* **EXERCISE**
Retype the whole listing below exactly, keeping every picture out of it.
_ _ _ _ _
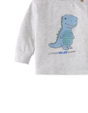 Make a roaring statement with our Baby Kael Long Sleeves T-Shirt in gray melange, featuring our Extraordinary Dino print.
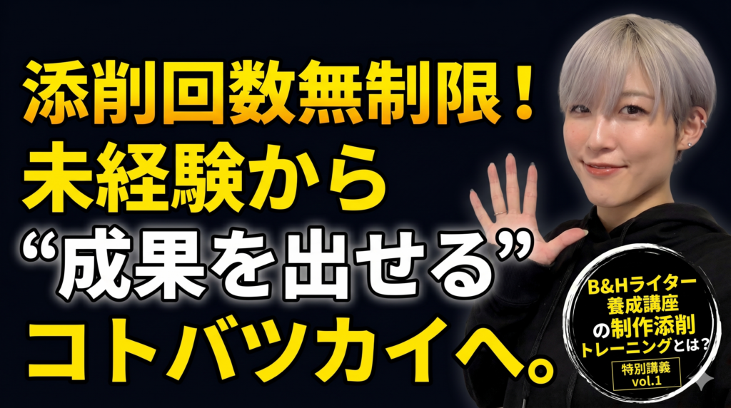 こんにちは!B&Hライター養成講座 主宰の中道麻智子です。今回の記事は、受講生であるひなたさんに書いていただきました! 壁打ちミーティングはB&Hライター養成講座のコンテンツの一つで、実際の案件の相談・添削やシゴト獲得の悩みを解決できる... -
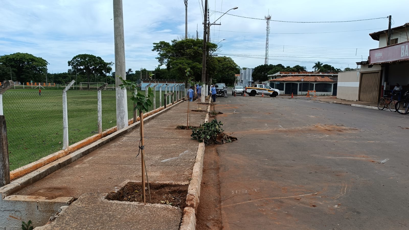 Troca das árvores aconteceu na rua Catariana Fraveto Caetano, no trecho ao lado do Estádio Distrital Artur Vicente Caetano, no Jardim Brasil
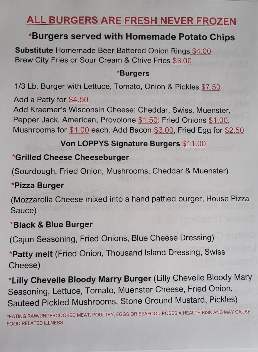 Von LOPPYS Bar & Bistro, located in Ixonia, WI, is a charming neighborhood eatery that welcomes all with a warm, unpretentious vibe. Known primarily for its excellent fish fry, the bistro also showcases hearty offerings like jumbo beef hot dogs and savory potato pancakes, receiving rave reviews from patrons. Guests appreciate the generous portions and the friendly service, making it an ideal spot for gatherings. Whether you're enjoying a classic Caesar salad or indulging in tasty appetizers like deep-fried mushrooms, Von LOPPYS promises a relaxed atmosphere complemented by affordable prices, ensuring every visit feels like a joyful celebration.
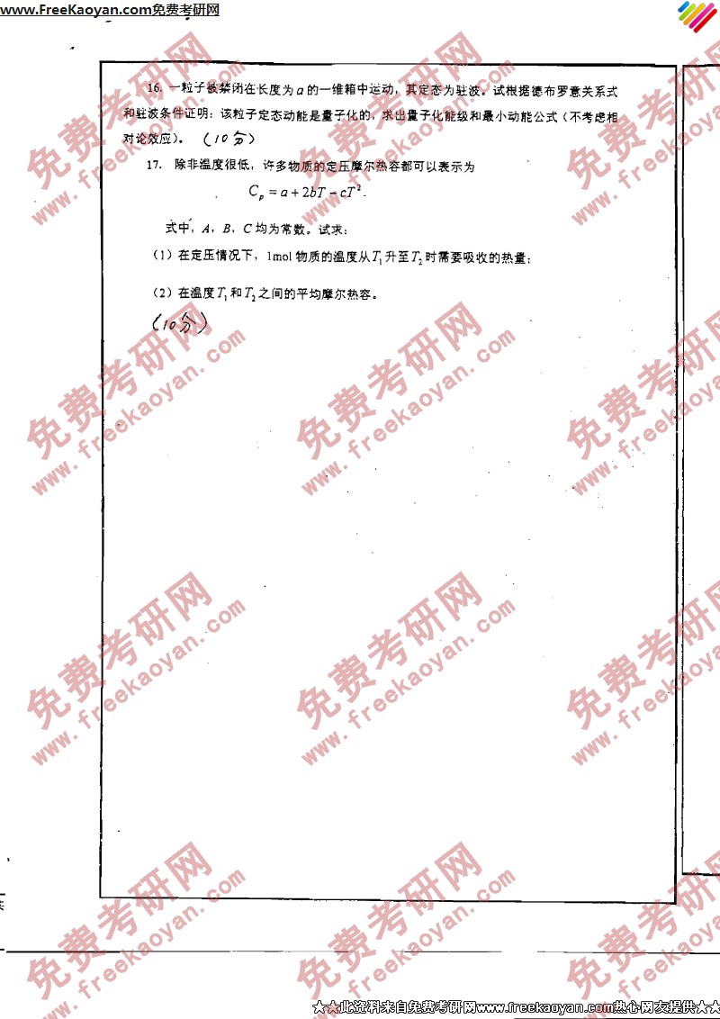 专业课考研经验 本站小编 FreeKaoyan 2018-01-23西安交通大学2005年考研真题-物理化学
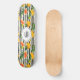 Esse skate de padrão uniforme explode com frescura, apresentando laranjas, limões e limões — inteiros e meio fatiados — colocados entre folhas verdes e peludas. Os elementos cítricos pop contra fundo verde e branco, com faixas verticais, combinando vibrações frutíferas com uma estética macia e limpa. Perfeito para vibrações de verão, temas tropicais e designs divertidos e leves.
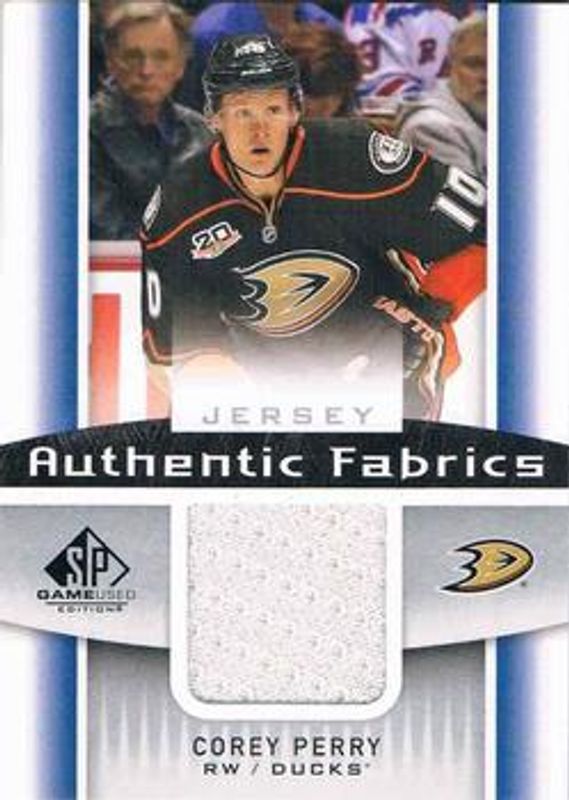 Corey Perry 2013 SP Game Used #AF-PE Authentic Fabrics RAW Price Guide
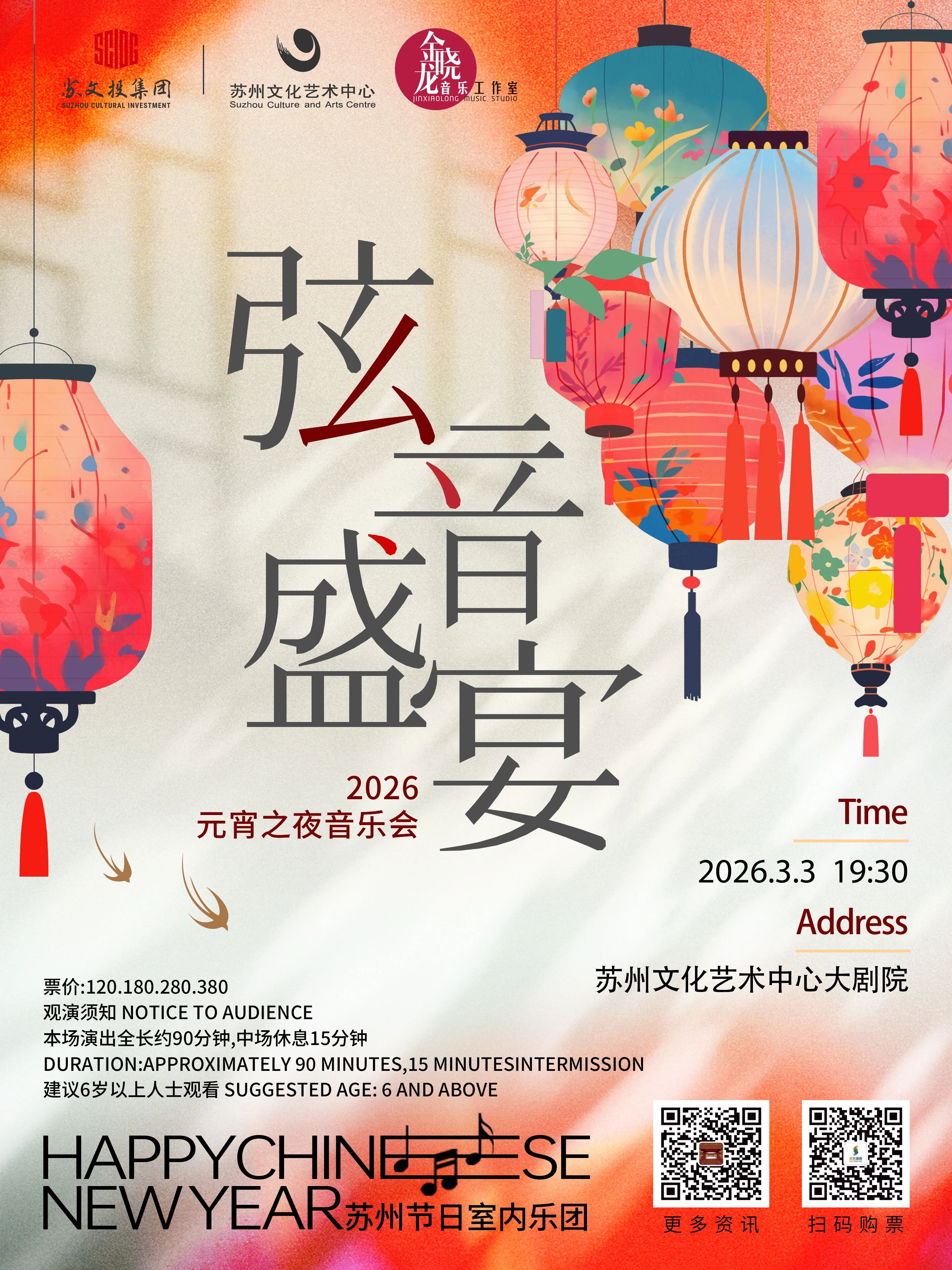 元宵節(jié),蘇州著名小提琴藝術家金曉龍與他的朋友們將來到蘇州文化藝術中心大劇院,為觀眾帶來精彩的弦樂演奏,演出曲目涵蓋了多位大師的浪漫曲,邀您一起共度弦音盛宴2026元宵之夜音樂會。
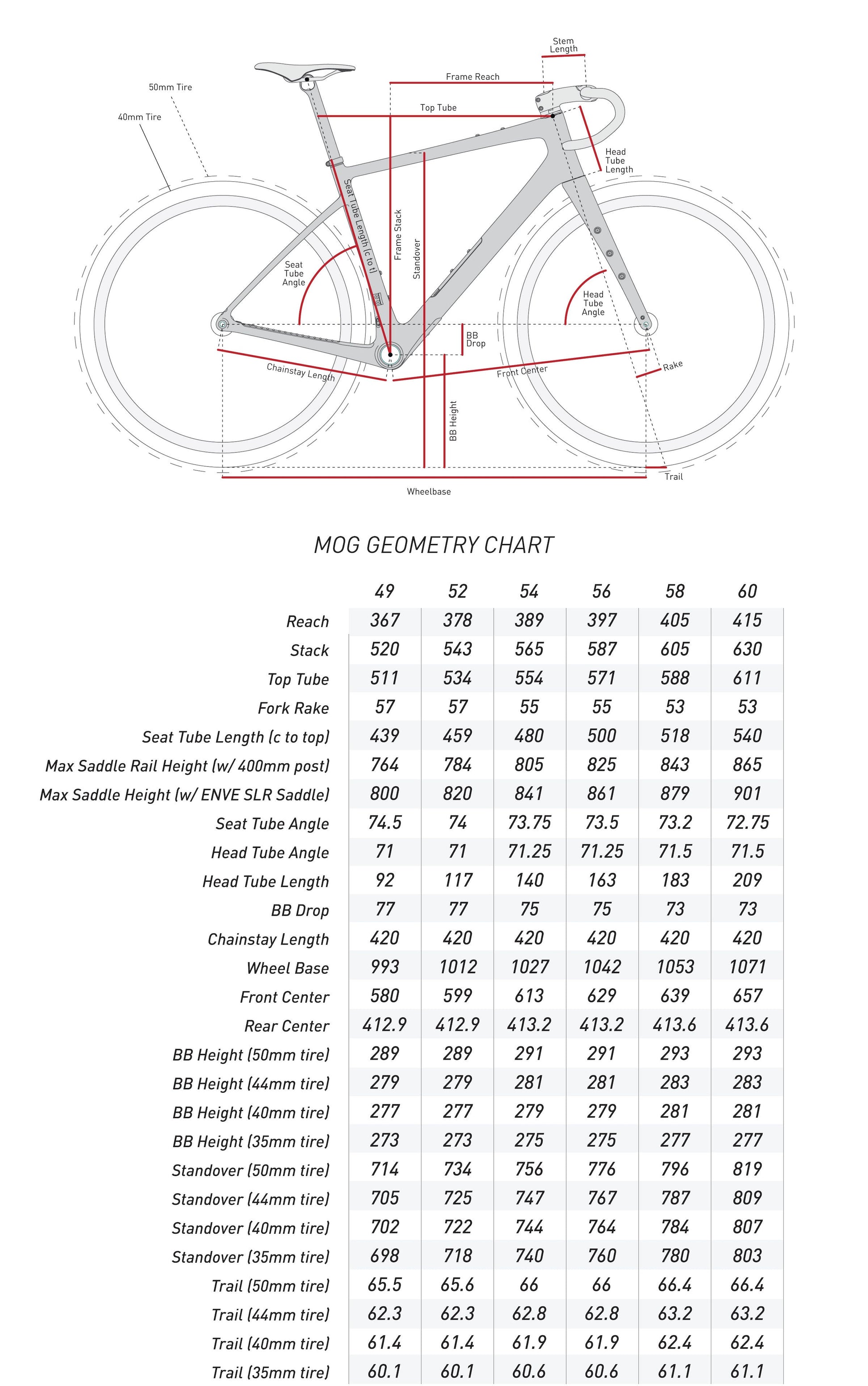 | Frame Size/Fork Rake | 49cm/57, 52cm/57, 54cm/55, 56cm/55, 58cm/53, 60cm/53 |
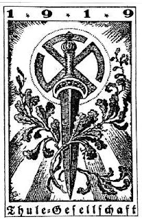 [ci-contre : Emblème de l’organisation paramaçonnique munichoise Société Thulé (fondée en 1918) représentant le svatiska dextrogyre aux branches recourbées, rayonnant et surplombant un poignard. La date du dessin est indiquée : 1919. Le svastika, courant dans l’iconographie aryosophiste de l’époque, sera repris comme croix gammée par le NSDAP. Peut-on considérer l’ésotérisme nordiciste comme préfigurant le régime hitlérien qui en serait le versant exotérique ? Une étude récente aide à faire la part du mythe et de la réalité sur ce sujet. En voici la recension]
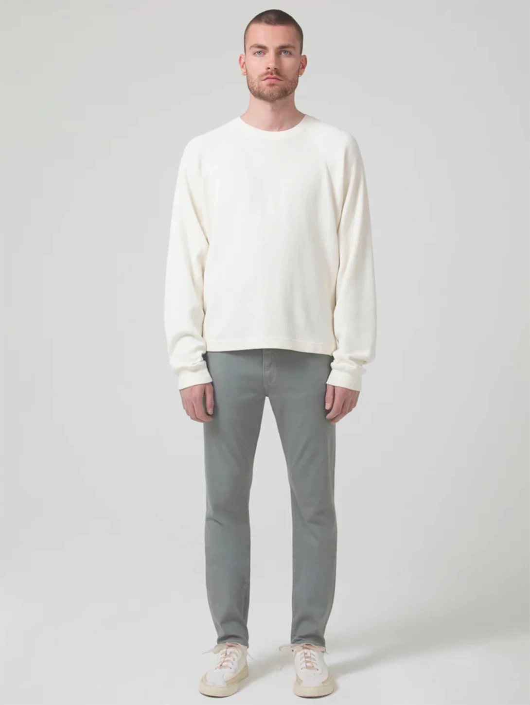 Agave is slightly a higher rise and a slim straight leg, that fits full through the waist and thigh with a small taper from the knee down. Featuring a washed olive green with brown undertones with a 4-way power stretch & recovery twill.
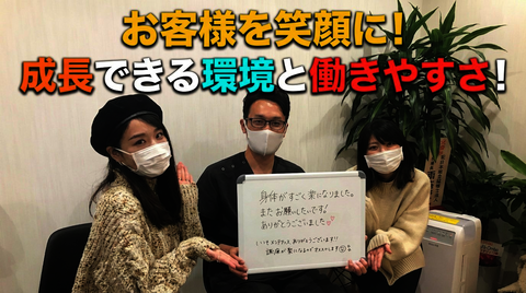 | 応募条件 | 柔道整復師(国家資格取得予定者含む)、鍼灸師(国家資格取得予定者含む)、整体師(1年以上の経験者歓迎☆未経験もOK) |
_ _ _ _ _
* **ANSWER SPACE**
 Make a roaring statement with our Baby Kael Long Sleeves T-Shirt in gray melange, featuring our Extraordinary Dino print.
 こんにちは!B&Hライター養成講座 主宰の中道麻智子です。今回の記事は、受講生であるひなたさんに書いていただきました! 壁打ちミーティングはB&Hライター養成講座のコンテンツの一つで、実際の案件の相談・添削やシゴト獲得の悩みを解決できる... -
 Troca das árvores aconteceu na rua Catariana Fraveto Caetano, no trecho ao lado do Estádio Distrital Artur Vicente Caetano, no Jardim Brasil
 Von LOPPYS Bar & Bistro, located in Ixonia, WI, is a charming neighborhood eatery that welcomes all with a warm, unpretentious vibe. Known primarily for its excellent fish fry, the bistro also showcases hearty offerings like jumbo beef hot dogs and savory potato pancakes, receiving rave reviews from patrons. Guests appreciate the generous portions and the friendly service, making it an ideal spot for gatherings. Whether you're enjoying a classic Caesar salad or indulging in tasty appetizers like deep-fried mushrooms, Von LOPPYS promises a relaxed atmosphere complemented by affordable prices, ensuring every visit feels like a joyful celebration.
 专业课考研经验 本站小编 FreeKaoyan 2018-01-23西安交通大学2005年考研真题-物理化学
 Esse skate de padrão uniforme explode com frescura, apresentando laranjas, limões e limões — inteiros e meio fatiados — colocados entre folhas verdes e peludas. Os elementos cítricos pop contra fundo verde e branco, com faixas verticais, combinando vibrações frutíferas com uma estética macia e limpa. Perfeito para vibrações de verão, temas tropicais e designs divertidos e leves.
 Corey Perry 2013 SP Game Used #AF-PE Authentic Fabrics RAW Price Guide
 元宵節(jié),蘇州著名小提琴藝術家金曉龍與他的朋友們將來到蘇州文化藝術中心大劇院,為觀眾帶來精彩的弦樂演奏,演出曲目涵蓋了多位大師的浪漫曲,邀您一起共度弦音盛宴2026元宵之夜音樂會。
 | Frame Size/Fork Rake | 49cm/57, 52cm/57, 54cm/55, 56cm/55, 58cm/53, 60cm/53 |
 [ci-contre : Emblème de l’organisation paramaçonnique munichoise Société Thulé (fondée en 1918) représentant le svatiska dextrogyre aux branches recourbées, rayonnant et surplombant un poignard. La date du dessin est indiquée : 1919. Le svastika, courant dans l’iconographie aryosophiste de l’époque, sera repris comme croix gammée par le NSDAP. Peut-on considérer l’ésotérisme nordiciste comme préfigurant le régime hitlérien qui en serait le versant exotérique ? Une étude récente aide à faire la part du mythe et de la réalité sur ce sujet. En voici la recension]
 Agave is slightly a higher rise and a slim straight leg, that fits full through the waist and thigh with a small taper from the knee down. Featuring a washed olive green with brown undertones with a 4-way power stretch & recovery twill.
 | 応募条件 | 柔道整復師(国家資格取得予定者含む)、鍼灸師(国家資格取得予定者含む)、整体師(1年以上の経験者歓迎☆未経験もOK) |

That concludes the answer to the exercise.